Sebab, jauh-jauh hari kawasan itu sudah terkenal sebagai kawasan motor trail bagi pejabat-pejabat kota sebelah. Kawasan itu juga memiliki sumber daya alam berupa perkebunan jambu merah lho. Tentu sangat ampuh menarik pengunjung.
Belum lagi wilayah hutan di Kecamatan Bubulan, Gondang, Temayang hingga Sekar. Masing-masing hutan memiliki karakter khas. Dan layak dibranding sebagai lokasi wisata. Tidak hanya terpaku pada outbond center dan bumi perkemahan, hutan juga bisa dijadikan sebagai lokasi liburan alternatif buat masyarakat yang tiap hari terpapar rerimbunan dinding beton, biar matanya bisa kembali fresh.

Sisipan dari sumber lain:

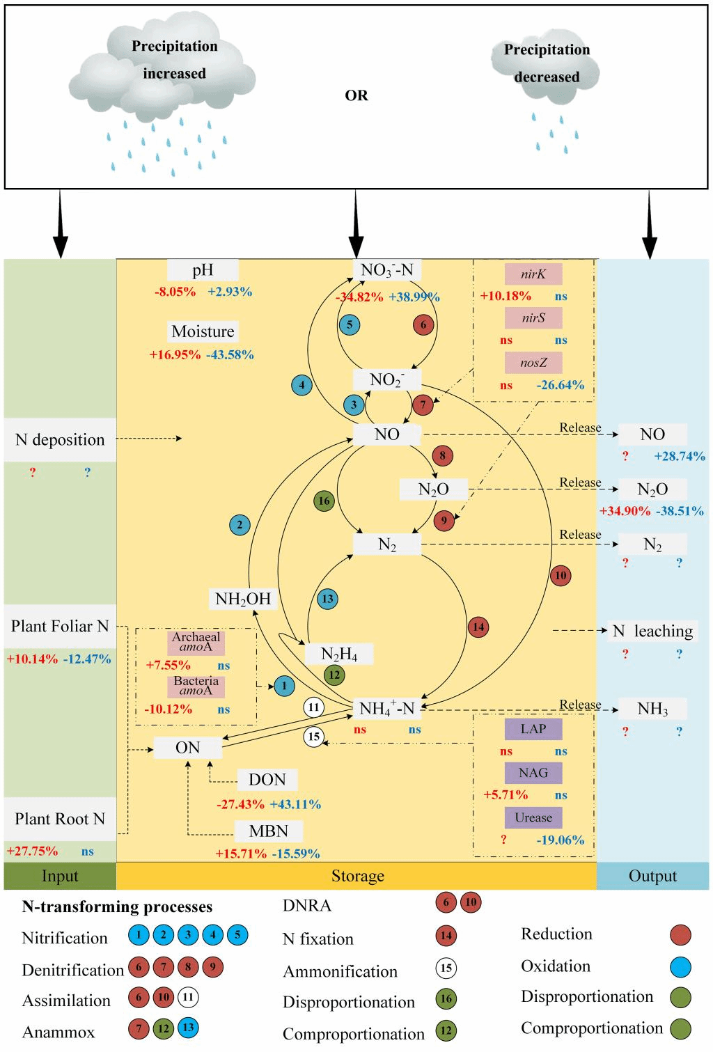 全球氣候變化導致的降水改變將對生態系統土壤氮循環施加強烈影響。然而,降水改變是否會對全球范圍內干旱區和濕潤區的土壤氮循環過程產生不同影響尚不清楚。因此,李彥教授團隊整合分析了1036對觀測結果,量化了全球范圍內降水增加和減少對干旱區和濕潤區土壤氮輸入(植物氮返還)、固存(土壤中各形態氮)和輸出(氣態氮排放)的影響,填補了上述空白。研究結果表明:(1)降水增加顯著提升了土壤氮輸入和輸出,卻降低了土壤氮固存;而降水減少產生的影響與之完全相反;(2)干旱區土壤氮循環對降水增加更為敏感,而濕潤區土壤氮循環則對降水減少更為敏感;(3)降水改變對土壤氮循環的影響與降水類型(降雨與降雪)無關;(4)局部地區的年平均降水量是調節土壤氮循環對降水改變做出具體響應行為的關鍵。這意味著,土壤氮循環對降水增加和減少的響應行為在干旱區和濕潤地區之間存在具體差異,全球氣候變化將對這兩種氣候區內土壤氮循環產生不均衡的影響作用。因此,在未來構建相關模型進行預測研究時,為提升相關研究的精確性,應著重考慮干旱區和濕潤區之間差異。

Kalau boleh jujur, mengelola hutan jauh lebih berpotensi menarik wisatawan dibanding mengelola mall dan tempat perbelanjaan. Sebab semua kota sudah memiliki mall namun tidak semua kota memiliki hutan seperti Bojonegoro.
Sudah waktunya kita menghilangkan kesan menyeramkan hutan dan menggantinya sebagai lokasi yang menyenangkan. Selain mampu meningkatkan city branding, mengelola hutan secara seksama juga bakal diganjar pendapatan asli daerah dan meningkatkan geliat ekonomi kerakyatan.
Jadi, siapkah kamu memelihara dan memaksimalkan potensi wisata sungai dan hutan Bojonegoro, Nabsky?